Nexxen International Ltd (NEXN) is not a strong buy at the moment for a beginner investor with a long-term focus. The technical indicators are bearish, options data shows limited activity, and the company's financial performance has been weak in recent quarters. While analysts maintain a generally positive outlook with price targets above the current price, the lack of recent positive news and catalysts, combined with weak financials, suggests that the stock does not currently present a compelling entry point.
The technical indicators for NEXN are bearish. The MACD is below 0 and negatively contracting, RSI is neutral at 39.55, and moving averages indicate a bearish trend (SMA_200 > SMA_20 > SMA_5). The stock is trading below the pivot level of 6.88, with key support at 6.318 and resistance at 7.441.

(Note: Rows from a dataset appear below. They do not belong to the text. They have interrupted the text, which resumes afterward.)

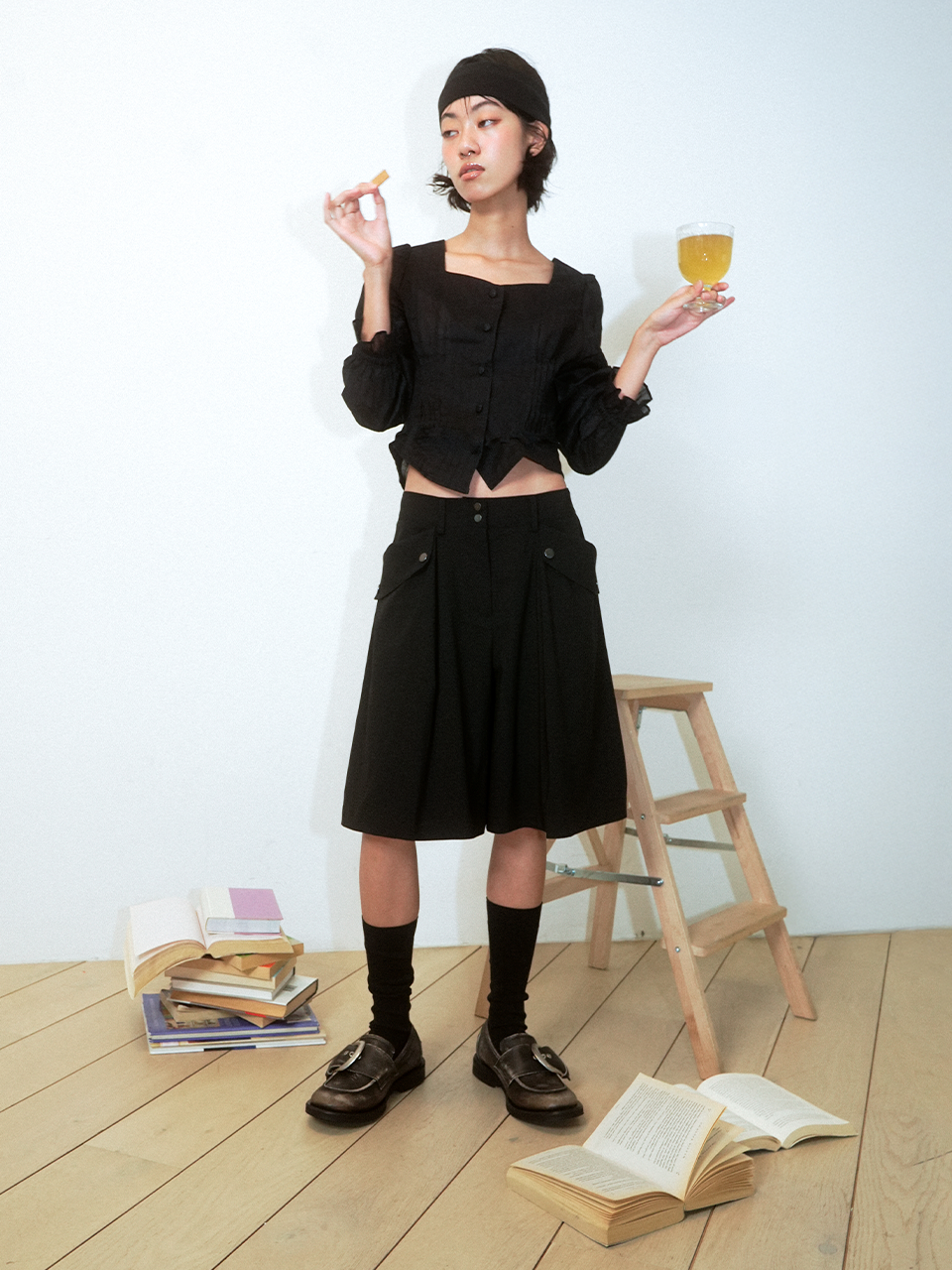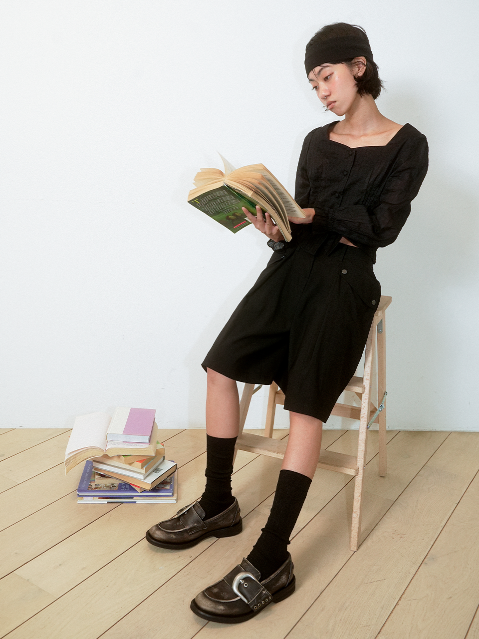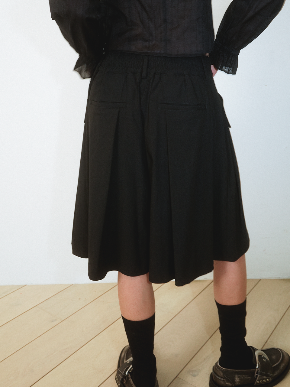 FOLDED PAGE BERMUDA PANTS (BLACK)
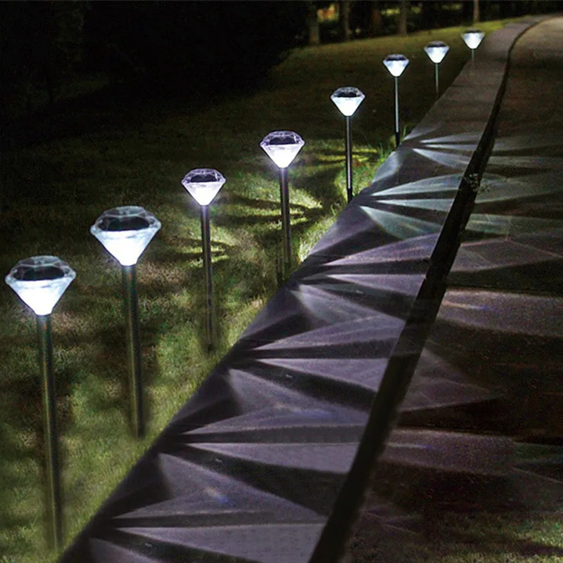Солнечный СВЕТОДИОДНЫЙ светильник с прямым полюсом, алмазная газонная лампа для украшения сада, дорожка, пейзаж, уличный светодиодный светильник на солнечной батарее
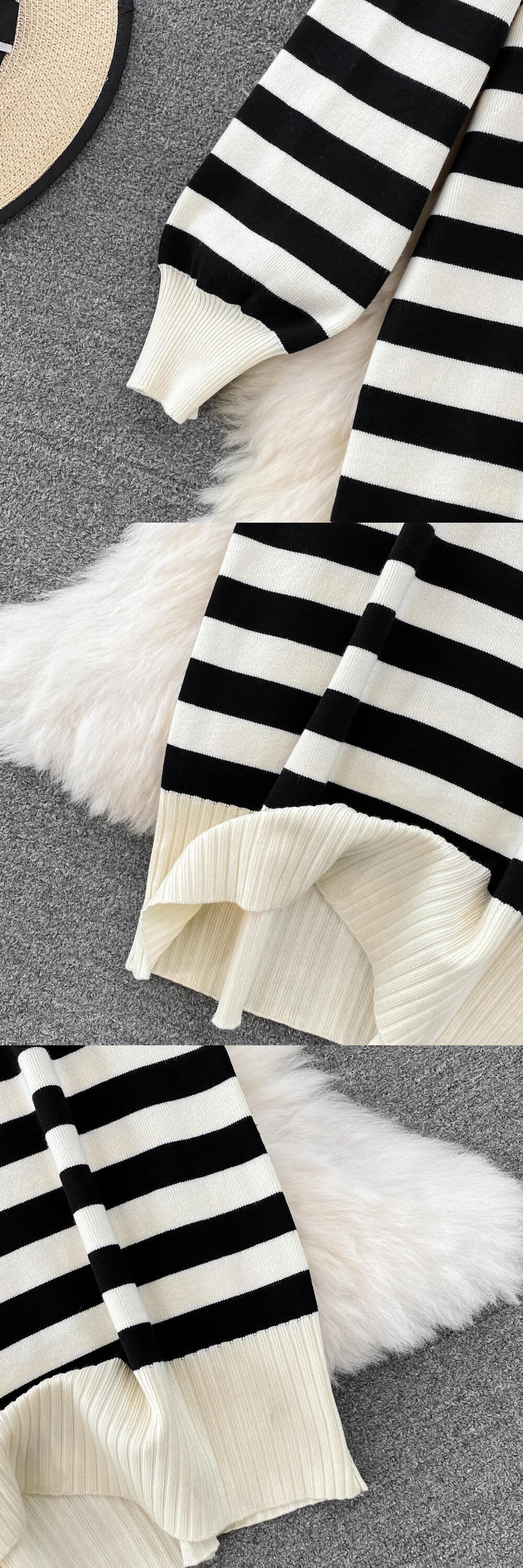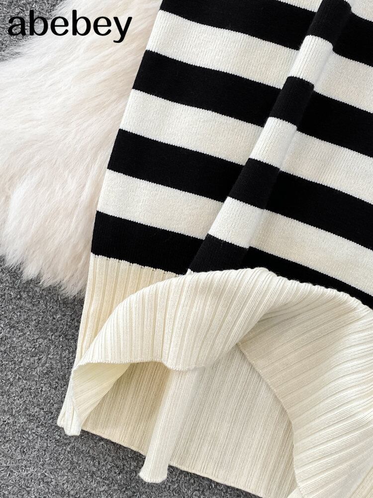 レトロ気質ドレス女性秋冬フード付きネイビーラペル服 2022 シックなルース A ラインニットドレス オータム 秋物 ウィンター 冬物 Aライン Abe41319627108
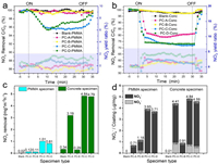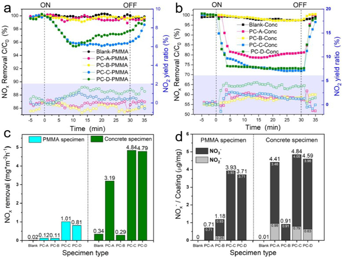 | Fig. 3. Photocatalytic activity of NOx removal of the coated PMMA (a) and concrete (b) specimen under simulated solar light (NO as the initial gas). Specific NOx removal rate of coated specimen (c). NOx-to-NO2− ratio and NOx-to-NO3− ratio of the coated specimen (d). | |
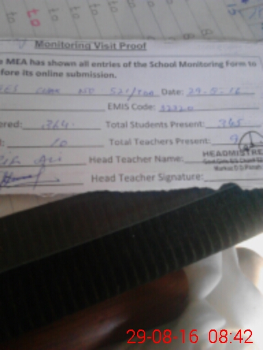 | Attendance Register | Head Teacher | MEA with School | Visit Proof |
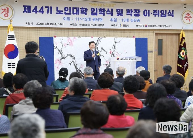 뉴스다 최광묵 기자 | 광명시가 1일 대한노인회 광명시지회(지회장 박종애) 주관으로 광명노인회관에서 제44기 노인대학 입학식을 열고, 222명 어르신의 새로운 배움길을 열었다.
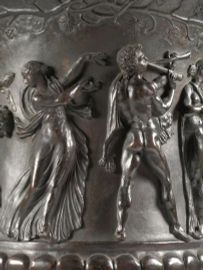 Grande vaso, Scuola Romana, fine sec. XVIII, in bronzoì, copia neoclassica del Vaso Borghese. Corpo decorato a baccellature intervallate da due coppie di teste virili, fascia centrale scolpita ad altorilievo con scene dionisiache, bordo superiore percorso da tralcio di vite, alt. cm 52,5, diam. cm 37, difetti
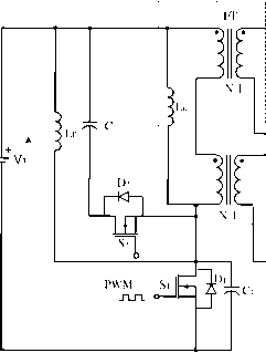 voltage (5, 3.3, and 1.8 ~ 1.5 V) and strong current (30, 60, up The intervals are: to 200 A) and high-power transfer efficiency (86, 90, up to 93%). This section introduces a few new circuits that are different from the ordinary synchronous rectifier dc/dc converters: ![]() flat transformer synchronous rectifier dc/dc Luo-converter; double current synchronous rectifier dc/dc Luo-conver- . j- т . / . . Average output voltage Vo input current is L ter with active clamp circuit; zero-current-switching synchronous rectifier dc/dc Luo-converter; and zero-voltage-switching synchronous rectifier dc/dc Luo-converter. are: and /1 = The power transfer efficiency: 17.10.1. Flat Transformer Synchronous Rectifier DC/DC Luo-Converter A flat transformer SR dc/dc Luo-converter is shown in Fig. 17.67. The switches S, s2 and S3 are the low-resistance MOSFET devices with very low resistance (7-8 mQ). Because we use a flat transformer, the leakage inductance and resistance R, are smaU. Other parameters are С = 1 F, L = 1 nH, Rl = 2 mQ, L = 5 H, and Cq = 10 The input voltage is = 30 V dc, the output voltage is the output current is Iq. The transformer turns ratio is N = 12:1. The repeating period is T = l/f and conduction duty is k. There are four working modes: CD = The natural resonant frequency is и kT Rl + Rs + kVJN When we set the frequency / = 150-200 kHz, we obtained v2 = 1.8v, n = 12, Iq = 0-30A, Volume = 2.5 (in). The average power-transfer efficiency is 92.3%, and the maximum power density (PD) is 21.6VV/in 17.10.2 Double Current Synchronous Rectifier DC/DC Luo-Converter with Active Clamp Circuit The converter in Fig. 17.67 prefers a half-wave rectifier. The dc SR dc/dc Luo-converter with an active clamp circuit is shown in Fig. 17.68. The switches s1-s4 are the low-resistance MOSFET devices with very low resistance R (7-8 mQ). As S3 and s4 plus Li and l2 form a double-current circuit and s2 plus С is the active clamp circuit, this converter prefers a fuU-wave rectifier and obtains strong output current. Other parameters are С = 1 F, L = 1 nH, R, = 2 mQ, L = 5 H, and Cq = 10 F. The input voltage is = 30 V dc, output voltage is v2 the output current is Iq. The transformer turns ratio L R, N : 1 PWM ,t-k Г1Л JpJ FIGURE 17.67 Flat transformer SR Luo-converter. --Vi PWM П П FIGURE 17.68 Double-current SR Luo-converter. is N = 12 :1. The repeating period is T = 1 and conduction duty is k. There are four working modes: When we set the frequency / = 200-250 kFLz, we obtained v2 = 1.8V, N = 12, Iq = 0-35A, Volume = 2.5 (in). The average power-transfer efficiency is 94% and the maximum power density (PD) is 25W/in 17.10.3 Zero-Current-Switching Synchronous Rectifier DC/DC Luo-Converter Because the power loss across the main switch is high in dc SR dc/dc Luo-converter, we designed the ZCS SR dc/dc Luo-converter shown in Fig. 17.69. This converter is based on the dc SR dc/dc Luo-converter plus the zero-current-switching technique. It employs a double-core flat transformer: The ZCS resonant frequency is normahzed impedance is I,Lr 1 . . yi(l + cosa)Q h=-(71 +a) % = CO = The natural resonant frequency is l-k The intervals are: (Vl cos a \ The interval of tj is Average output voltage V2 and input current are: In and L = k - The power transfer efficiency: Rl + Rs + kVJN Average output voltage v2 and input current I are: The power transfer efficiency: RlRs kVJN When we set = 60 V and frequency / = 200-250 kFLz, and obtained v2 = 1-8 V, n = 12, Iq = 0-60 A, Volume = 4 (in). The average power transfer efficiency is 94.5% and the maximum power density (PD) is 27W/in. 17.10.4 Zero-Vokage-Switching Synchronous Rectifier DC/DC Luo-Converter The ZVS SR dc/dc Luo-converter is shown in Fig. 17.70. This converter is based on the dc SR dc/dc Luo-converter plus the S4 -D4 -I Li --D6 CoJ FIGURE 17.69 The ZCS dc SR Luo-converter. ![]() -I Li IL l2 FIGURE 17.70 ZVS dc SR Luo-converter. zero-voltage-switching technique. It employs a double-core flat transformer: (Dr = The ZVS resonant frequency is Zr = hi- and a = sin ![]() FIGURE 17.71 Luo-resonator. normalized impedance is ViQ 1 /i(l + cosa)L The intervals are: tl + ?2 + % Average output voltage v2 and input current are: The power transfer efficiency: kVJN When we set V = 60 V and frequency / = 200-250 kFiz, we obtained v2 = 1-8 V, N = 12, Iq = 0-60 A, Volume = 4 (in). The average power-transfer efficiency is 94.5% and the maximum power density (PD) is 27W/in. 17.11 Gate Control, Luo-Resonator The Luo-resonator is shown in Fig. 17.71. It generates the PWM pulse train to drive the static switch S. The Luo-resonator is a high-efficiency and simple structured circuit with easily adjusting frequency / and conduction duty k. It consists of three operational amplifiers (OA) namely, OAl-3, and an auxiliary. These three 741-type OAs are integrated in a chip TL074 (which contains four OAs). Two potentiometers are applied to adjust the frequency / and conduction duty k. The voltage waveforms are shown in Fig. 17.72. The type-741 OA can work at a power supply of ib3-ibl8 V denoted by V+, G and V- with V - = V+. The OA2 in Fig. 17.71 acts as the integration operation, its output is a triangle waveform with regulated frequency f = l/T ![]() FIGURE 17.72 Voltage waveforms of Luo-resonator. controlled by potentiometer R. The OAl acts as a resonant operation, its output is a square waveform with the frequency /. The OA3 acts as a comparator, and its output V] is a square-waveform pulse train with regulated conduction duty к controlled by R. First, assume that the voltage Vg = V+ at t = 0 and feeds positively back to OAl via R2. This causes the OAl output voltage to be maintained at = V+. In the meantime, inputs to OA2 via R, and the output voltage Vq of OA2 therefore decreases towards V- with the slope l/RC. Voltage V(j feeds negatively back to OAl via R. Voltage at point A changes from (mV+) to 0 in the period of ImRC. Usually, R is set slightly smaller than R2, and the ratio is de
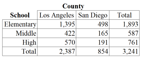 Question 7: A public middle school will be selected at random from the two counties. What is the probability, to the nearest hundredth, of selecting a school in San Diego County?
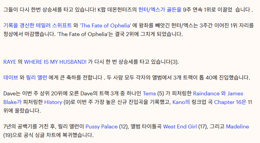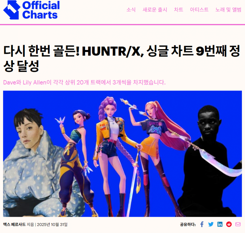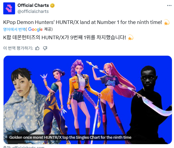 금요일(10월 31일), 케데헌의 ‘Golden’이 영국 싱글 차트 정상으로 복귀하면서
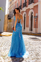 Show-stopping trumpet silhouette prom dress. The straight-across neckline offers a classic, sophisticated look while beautifully framing the décolletage. Crafted from delicate tulle and adorned with shimmering sequined embroidery throughout, this gown catches the light with every movement.
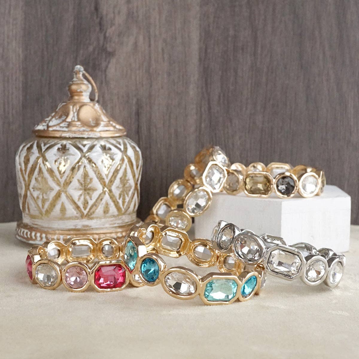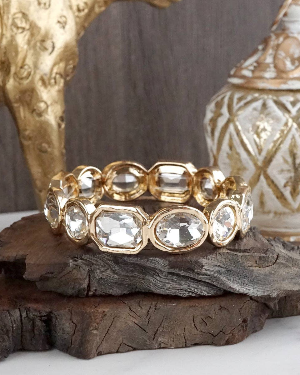This clear gem bangle brings a luxe pop of shine to your holiday stack, dressy looks, or everyday glam.

Guidance through FY26 is considered 'good enough' to keep investors interested.
The company's Q4 results were mixed, with declines in ex-TAC contribution and EBITDA. Financial performance in 2025/Q3 showed a significant drop in net income (-71.06% YoY) and EPS (-65.00% YoY). Gross margin also declined by 6.54%. There is no recent news or event-driven catalysts to support a bullish sentiment.
In 2025/Q3, revenue increased by 5.11% YoY to $94.79M. However, net income dropped by 71.06% YoY to $4.21M, and EPS fell by 65.00% YoY to $0.07. Gross margin also declined to 65.88%, down 6.54% YoY, indicating weakening profitability.
Analysts have mixed views. Rosenblatt raised the price target to $16 with a Buy rating, citing potential recovery in 2026. Scotiabank lowered the price target to $10 but maintained an Outperform rating, while Canaccord reduced the price target to $11 but kept a Buy rating. Analysts acknowledge mixed Q4 results but remain optimistic about future guidance.